### EXERCISE INSTRUCTIONS
Leave the pictures out, and transcribe the material below exactly from the line with "Auf der nächsten" to the line with "диску максимального диаметра.", both lines included.

### EXCERPTED DATA
□ □ □ □ □ □ □
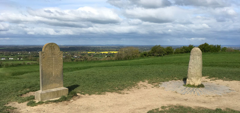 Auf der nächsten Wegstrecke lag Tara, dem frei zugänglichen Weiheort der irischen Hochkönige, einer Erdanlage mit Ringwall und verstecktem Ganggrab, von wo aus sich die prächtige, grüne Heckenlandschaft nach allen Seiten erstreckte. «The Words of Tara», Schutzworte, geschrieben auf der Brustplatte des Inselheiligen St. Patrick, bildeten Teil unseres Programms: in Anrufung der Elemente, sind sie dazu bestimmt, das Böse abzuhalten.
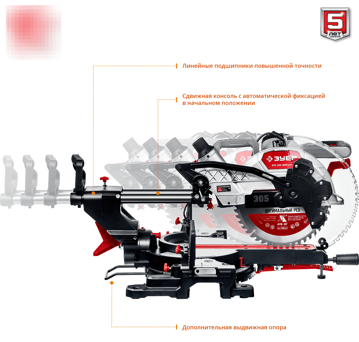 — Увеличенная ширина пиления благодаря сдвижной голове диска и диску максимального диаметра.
□ □ □ □ □ □ □
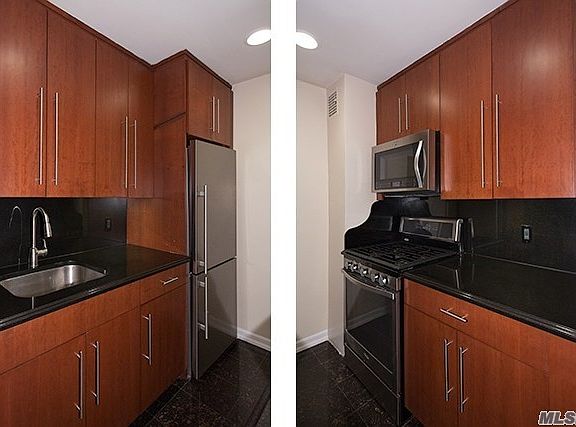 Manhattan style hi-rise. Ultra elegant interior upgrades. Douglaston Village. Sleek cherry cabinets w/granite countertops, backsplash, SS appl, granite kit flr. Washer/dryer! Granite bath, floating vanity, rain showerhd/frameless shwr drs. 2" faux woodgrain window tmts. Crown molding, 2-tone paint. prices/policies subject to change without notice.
□ □ □ □ □ □ □
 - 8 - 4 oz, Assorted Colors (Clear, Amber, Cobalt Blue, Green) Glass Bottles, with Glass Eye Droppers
□ □ □ □ □ □ □
### ANSWER TO THE EXERCISE
 Auf der nächsten Wegstrecke lag Tara, dem frei zugänglichen Weiheort der irischen Hochkönige, einer Erdanlage mit Ringwall und verstecktem Ganggrab, von wo aus sich die prächtige, grüne Heckenlandschaft nach allen Seiten erstreckte. «The Words of Tara», Schutzworte, geschrieben auf der Brustplatte des Inselheiligen St. Patrick, bildeten Teil unseres Programms: in Anrufung der Elemente, sind sie dazu bestimmt, das Böse abzuhalten.
 — Увеличенная ширина пиления благодаря сдвижной голове диска и диску максимального диаметра.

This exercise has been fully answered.